# General beekeeping > Starting out >  Finding that Elusive Queen.

## Neils

Hearing the familiar cry of the new beekeeper at the moment "I can't find the queen!"  :Big Grin: 

What are your sure fire methods for locating that queen you need to find but haven't spotted the last 2 times you went through the frames and started to look for her?

I'll start off easy, before I do anything else I stop looking closely at the bees and look for her movement. She moves differently to the workers and her back legs tend to catch my attention as she scurries, it is nearly always the movement of her legs that I spot first.  
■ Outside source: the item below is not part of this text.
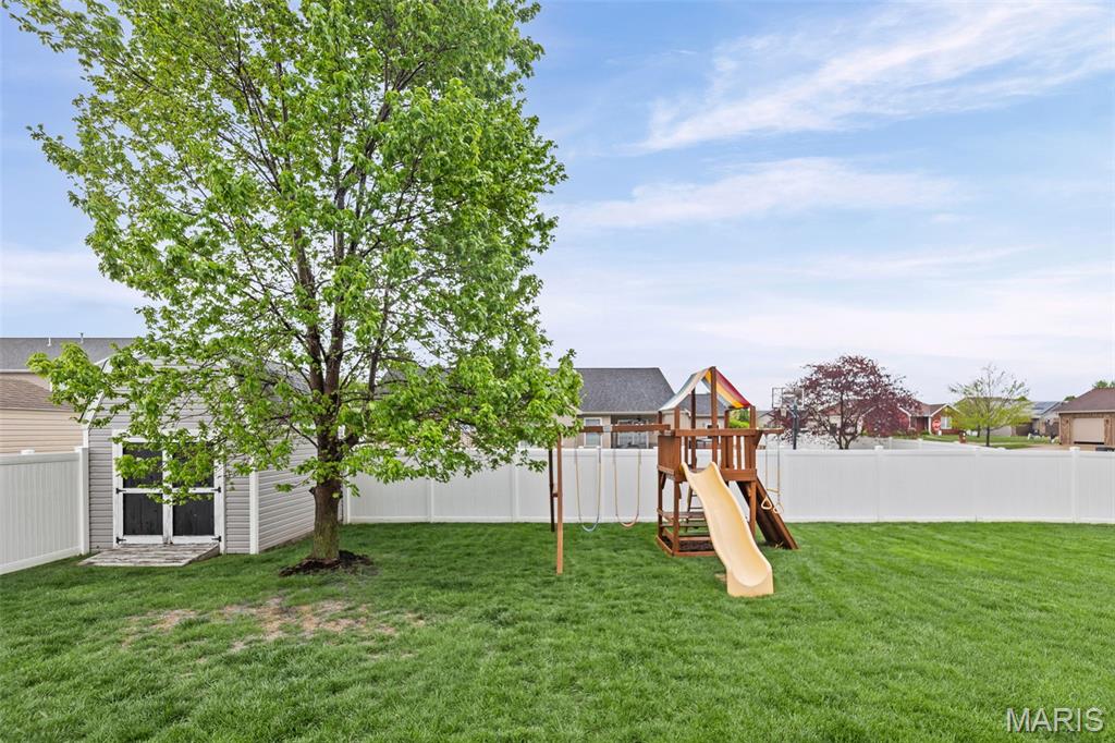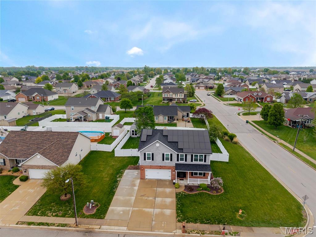 OPEN HOUSE SATURDAY, APRIL 18th 2 PM to 4 PM...Welcome home to 1265 Antique Lane in charming Mascoutah—where modern upgrades meet small-town living at its finest! Situated on a desirable corner lot, this beautifully maintained home offers exceptional indoor and outdoor living spaces, perfect for both everyday comfort and entertaining. From the moment you arrive, the inviting covered front porch sets the tone. Step inside to the foyer and an open-concept main floor featuring a cozy fireplace, expansive great room, and an additional living area—ideal for hosting gatherings or relaxing evenings at home. The kitchen and dining area flow seamlessly together, complete with a center island, ample cabinetry, and all appliances included. A convenient main floor half bath adds functionality for guests and everyday living. Upstairs, you’ll find four generously sized bedrooms and two full bathrooms. The impressive primary suite boasts a massive walk-in closet and private bath, while each additional bedroom includes its own walk-in closet, offering plenty of storage for everyone. The finished basement features a custom-built bar with kegerator, additional living space, a dedicated office, and a convenient half bath—perfect for work, play, or hosting guests. Step outside to your private backyard retreat! Enjoy the custom stamped concrete patio & covered pavilion( 2022), a like-new 2023 Bullfrog Spa (valued at $7,900), and a Rainbow Swingset (2021)—perfect for both relaxing and entertaining—all enclosed by a 6-foot white vinyl privacy fence. Additional exterior highlights include a driveway extension for extra parking and a 50 AMP RV hookup. This home is packed with valuable upgrades and energy-efficient features, including PAID OFF solar panels (9.43 kWp system), new roof (2024), new windows (2023), on-demand hot water system, and multiple HVAC updates—providing peace of mind and long-term savings. Enjoy significantly reduced utility costs with the solar panel system (2020), which will be PAID OFF IN FULL at closing—offering immediate savings and long-term value to the new owner. Located just 10 minutes from Scott AFB and only 40 minutes to St. Louis, this home offers the perfect balance of convenience and community with No HOA. Enjoy Mascoutah’s welcoming small-town atmosphere with close proximity to Scheve Park, a beloved annual homecoming festival, and a spectacular Fourth of July fireworks show. Plus, you’re just minutes from shopping, dining, and everyday amenities. Additional photos coming soon. Showings begin April 17. Join us for an Open House on Saturday, April 18! Don’t miss your opportunity to own this move-in-ready home with incredible upgrades, space, and charm—schedule your showing today!

I also tend to concentrate my search, if I haven't done too much shaking of bees, to frames containing eggs.

----------


## Jon

Use little or no smoke so she will be where she wants to be, ie laying eggs somewhere
She wont usually be on a pollen frame.
She wont usually be on a frame of stores.
She wont usually be on a frame of sealed brood with nowhere to lay. (although she could possibly be passing through)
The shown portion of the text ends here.